MA in Creative Writing

Director: Scarlett Thomas

MA in Creative Writing
Director: Scarlett Thomas
This programme is being offered either on a part-time or a full-time basis.


Entry requirements: A first or upper-second class honours degree in a relevant subject (or equivalent), or substantial creative writing experience.  Each applicant is required to submit a sample of his/her creative writing, and this will be the most significant factor in admissions decisions: The instructions for sending creative work are here.

Most rejections are because the creative writing sample is not of a high enough standard, so do make sure you send your very best work, and proof-read it thoroughly before you send it in.

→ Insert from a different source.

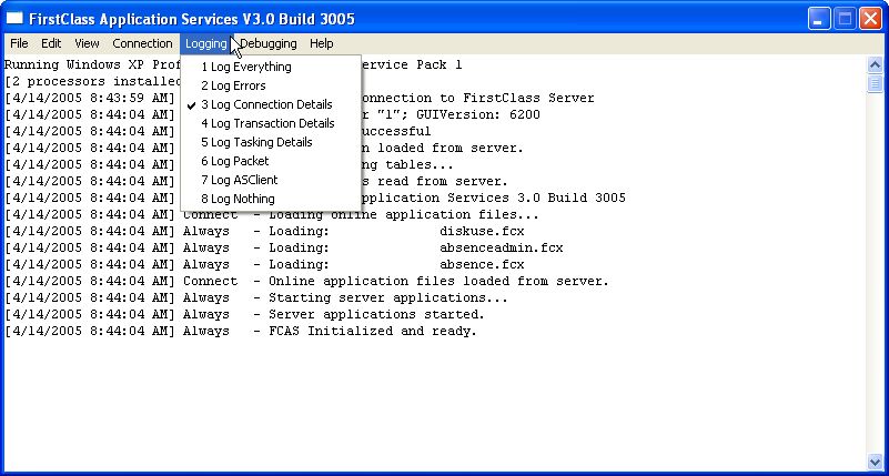 FCAS has multiple logging levels that can be turned on and off, similar to Internet Services logging, from the FirstClass Application Services console:

English Language Proficiency for non-native speakers of English [6]
About the Course: The MA in Creative Writing at Kent offers you the opportunity to study fiction and poetry (exclusively or together) along with new optional modules in translation and writing and the environment. Designed with serious, ambitious writers in mind, our programme uses seminars, tutorials, workshops, and precise editing to enable you to take control of your own work and write exciting, contemporary material. You will be taught exclusively by members of our permanent creative writing team, all of whom are practising, award-winning writers: Scarlett Thomas, Lucy Ellmann, Todd McEwen, David Herd, Patricia Debney and Simon Smith. We will push you hard to make sure you take risks and produce work that is very accomplished. Although we would hope that graduates of the programme will go on and get published, our priority when you are here will be on your actual writing. We believe that the way to get published is to produce the best work you can. Our experience tells us that it is this alone – a great piece of work – that excites publishers, far more than lots of industry know-how and good contacts. Having said that, between us we have links to many literary agents and most publishers of poetry and literary fiction in the country. We have a weekly reading series where well-known writers and people from the industry come and talk to students. (You get all this, and as much wine as you like, for only £2!)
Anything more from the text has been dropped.